-- Opening Marker --

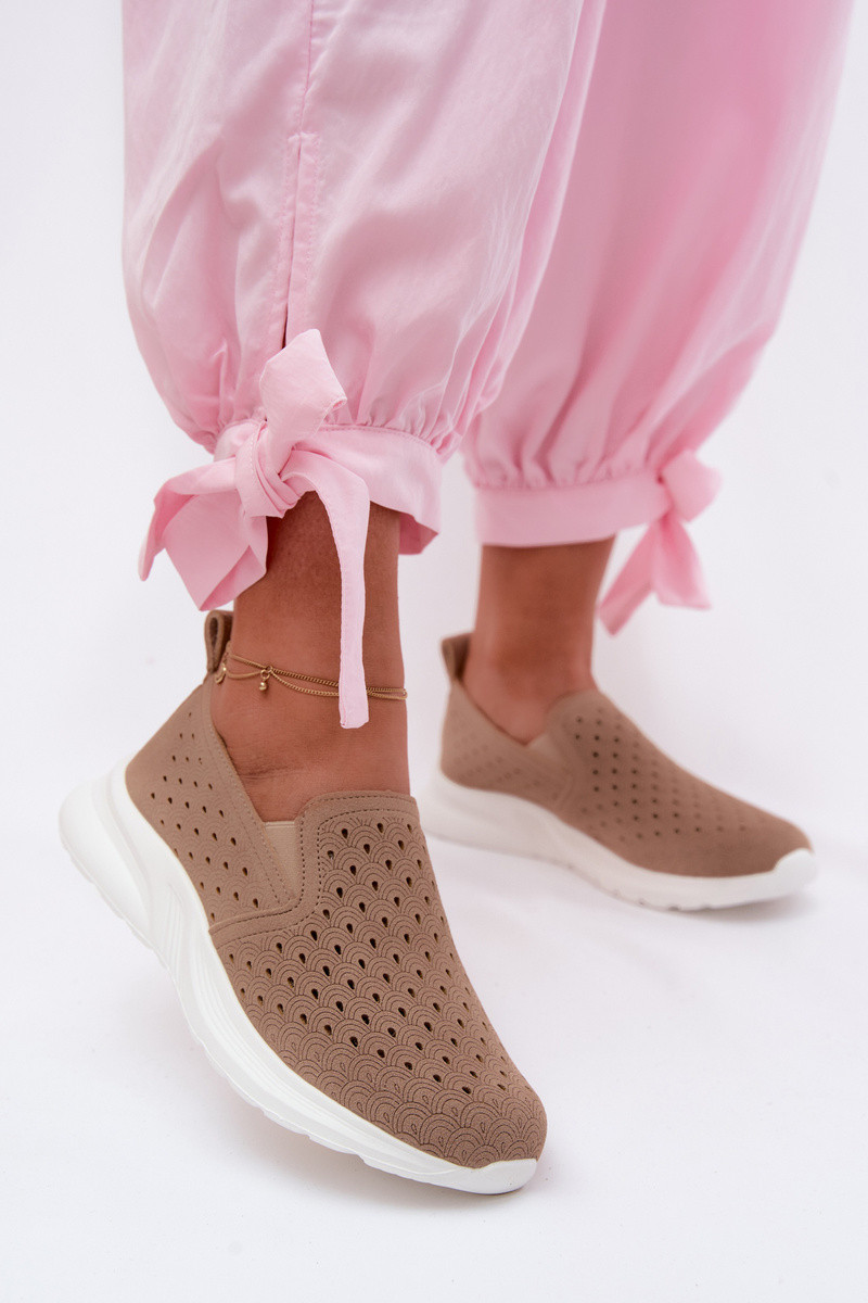 Zapatos slip-on con elementos calados de ante sintético en color arena Geressa
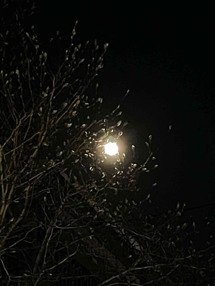 お向かいの空き家のヒメコブシ越しに十六夜の月🌕💕😆❣️
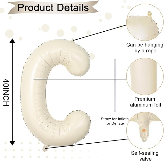 - Cream White Letter C Balloon 40 Inch: Includes 1pc giant beige "C" letter balloon and 1 straw for easy inflation and deflation. Our elegant big beige balloons are perfect for personalized parties. With 26 letters (A-Z) and numbers (1-9) available, you can mix and match to fit your theme.
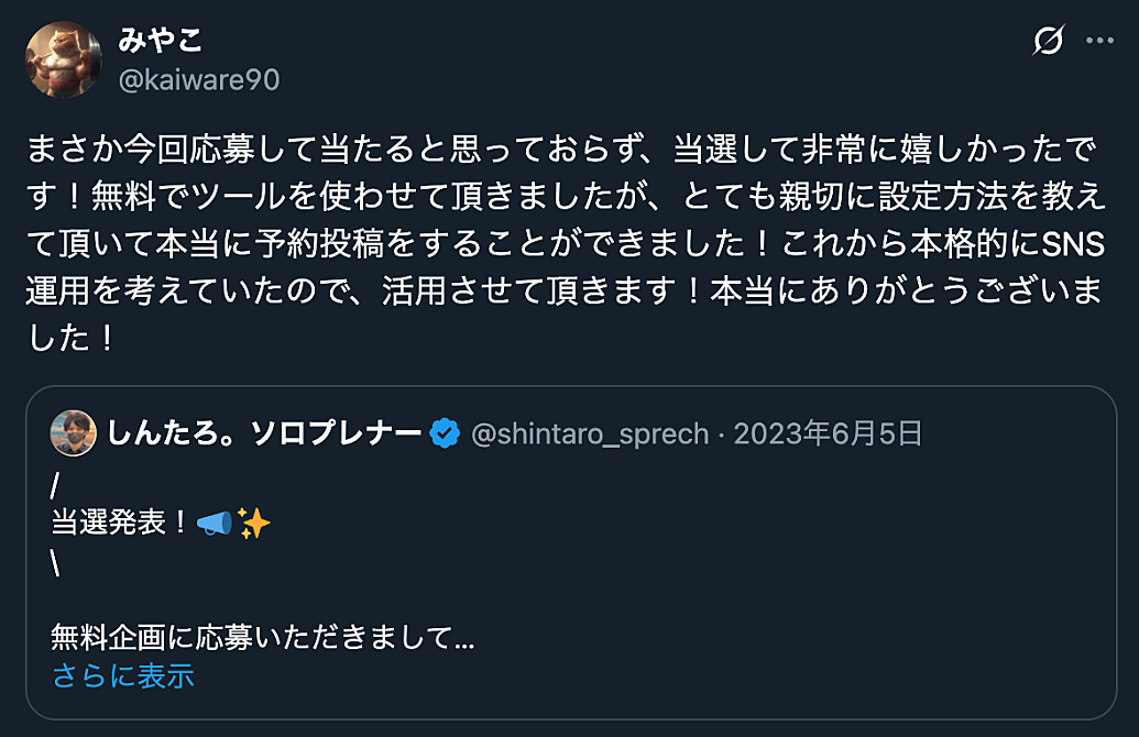- 予約したポストすべてを日時の時間予約投稿を設定して、「毎日ぽちぽち手動でポスト予約」から卒業できようになったり
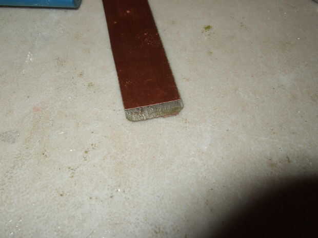 Primero biselar los bordes. Esto es para ayudar en el soporte de la batería. Verás al final. Usando papel de lija grueso, bisel una parte en cada extremo de la tabla y redondear ligeramente las esquinas.
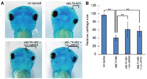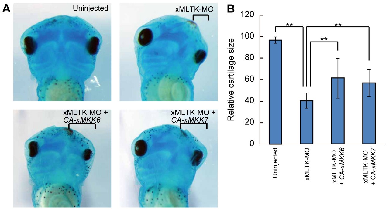 Fig. 7. p38 and JNK pathways function downstream of xMLTK during chondrogenesis. (A) xMLTK-MO (n=33), xMLTK-MO plus HA-CA-xMKK6 plasmid (n=29) or xMLTK-MO plus HA-CA-xMKK7 plasmid (n=33) was injected unilaterally into the animal pole of two blastomeres (xMLTK-MO, 10 ng/cell; plasmid, 50 pg /cell) at the four-cell stage. Uninjected embryos (n=38) and injected embryos were fixed at stage 45, and cartilages were stained with Alcian Blue. Brackets indicate the injected side. (B) The relative cartilage size (the rate of the length of the right side to that of the left side of ceratohyal cartilages) was quantified. Values are means±s.d. **P<0.01. |
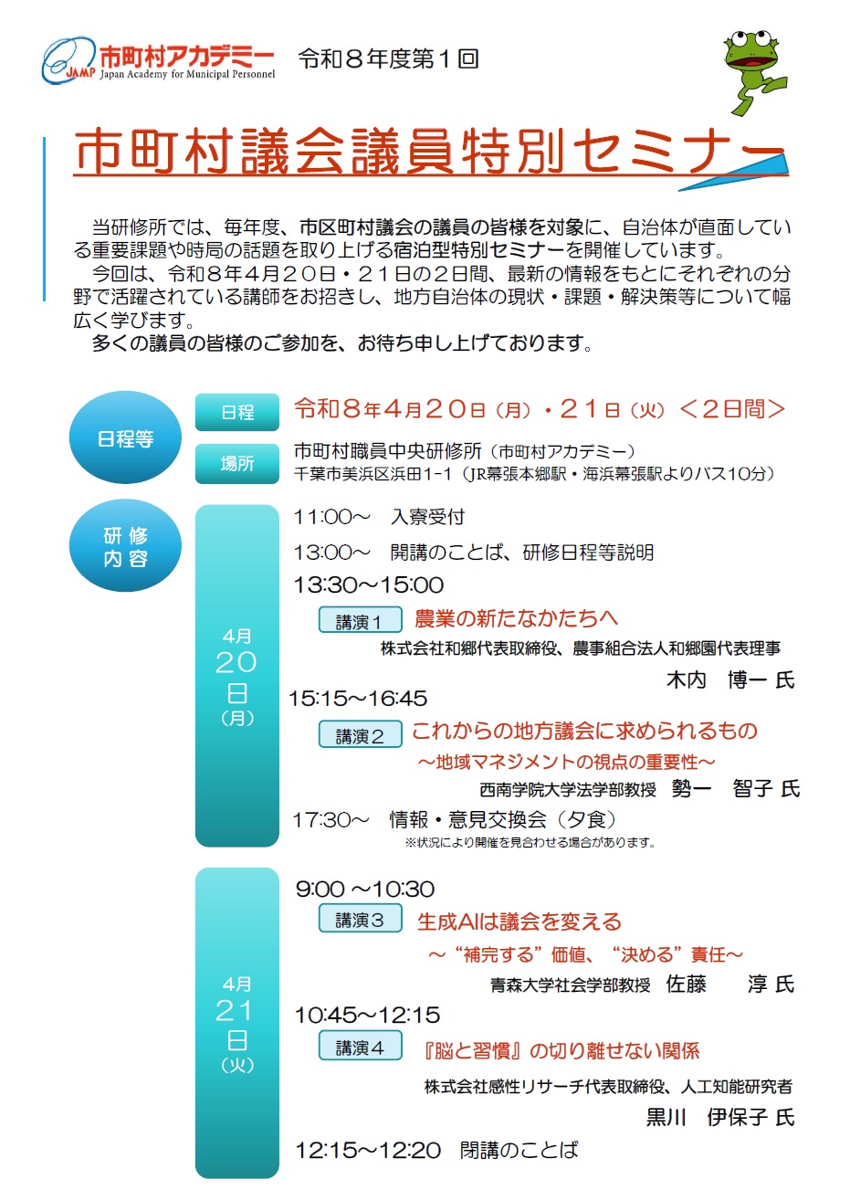 4.20-21は、千葉市美浜区の市町村アカデミーで開催された、市町村議会議員特別セミナーへ議会より派遣、参加。受講者名簿では134人。議会事務局へ提出した報告内容を掲載する。
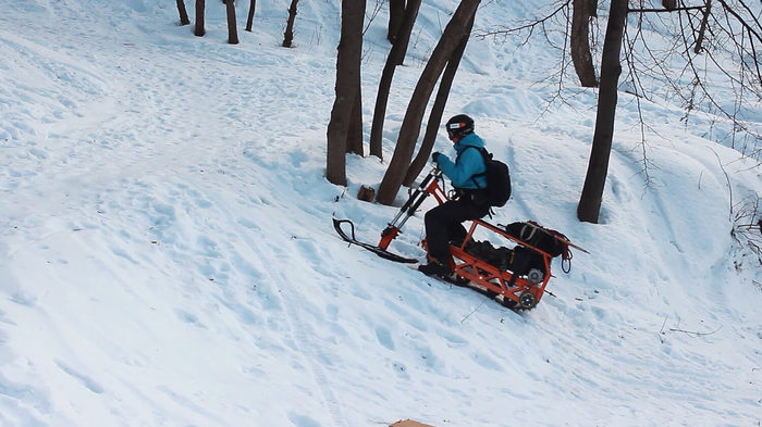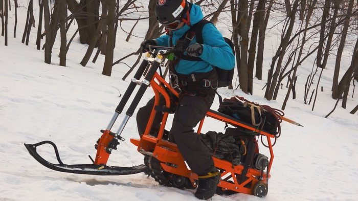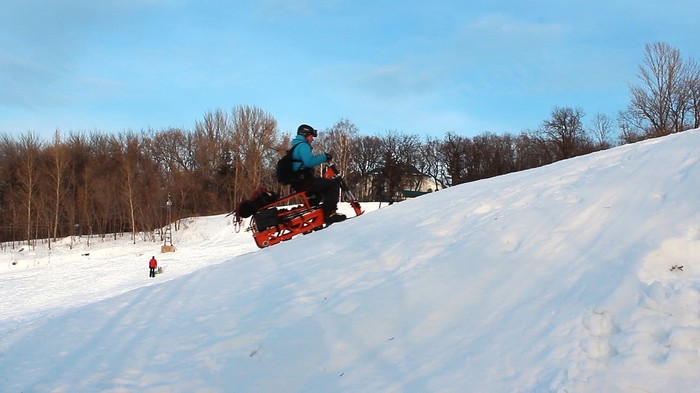 - проезжать поперек склона не опрокидываясь, поскольку гусеница узкая и всего одна лыжа.

-- Closing Marker --

WHAT THE EXERCISE ASKS: Reproduce all of the records above exactly, but exclude the pictures.

YOUR SOLUTION:
 Zapatos slip-on con elementos calados de ante sintético en color arena Geressa
 お向かいの空き家のヒメコブシ越しに十六夜の月🌕💕😆❣️
 - Cream White Letter C Balloon 40 Inch: Includes 1pc giant beige "C" letter balloon and 1 straw for easy inflation and deflation. Our elegant big beige balloons are perfect for personalized parties. With 26 letters (A-Z) and numbers (1-9) available, you can mix and match to fit your theme.
- 予約したポストすべてを日時の時間予約投稿を設定して、「毎日ぽちぽち手動でポスト予約」から卒業できようになったり
 Primero biselar los bordes. Esto es para ayudar en el soporte de la batería. Verás al final. Usando papel de lija grueso, bisel una parte en cada extremo de la tabla y redondear ligeramente las esquinas.
 Fig. 7. p38 and JNK pathways function downstream of xMLTK during chondrogenesis. (A) xMLTK-MO (n=33), xMLTK-MO plus HA-CA-xMKK6 plasmid (n=29) or xMLTK-MO plus HA-CA-xMKK7 plasmid (n=33) was injected unilaterally into the animal pole of two blastomeres (xMLTK-MO, 10 ng/cell; plasmid, 50 pg /cell) at the four-cell stage. Uninjected embryos (n=38) and injected embryos were fixed at stage 45, and cartilages were stained with Alcian Blue. Brackets indicate the injected side. (B) The relative cartilage size (the rate of the length of the right side to that of the left side of ceratohyal cartilages) was quantified. Values are means±s.d. **P<0.01. |
 4.20-21は、千葉市美浜区の市町村アカデミーで開催された、市町村議会議員特別セミナーへ議会より派遣、参加。受講者名簿では134人。議会事務局へ提出した報告内容を掲載する。
 - проезжать поперек склона не опрокидываясь, поскольку гусеница узкая и всего одна лыжа.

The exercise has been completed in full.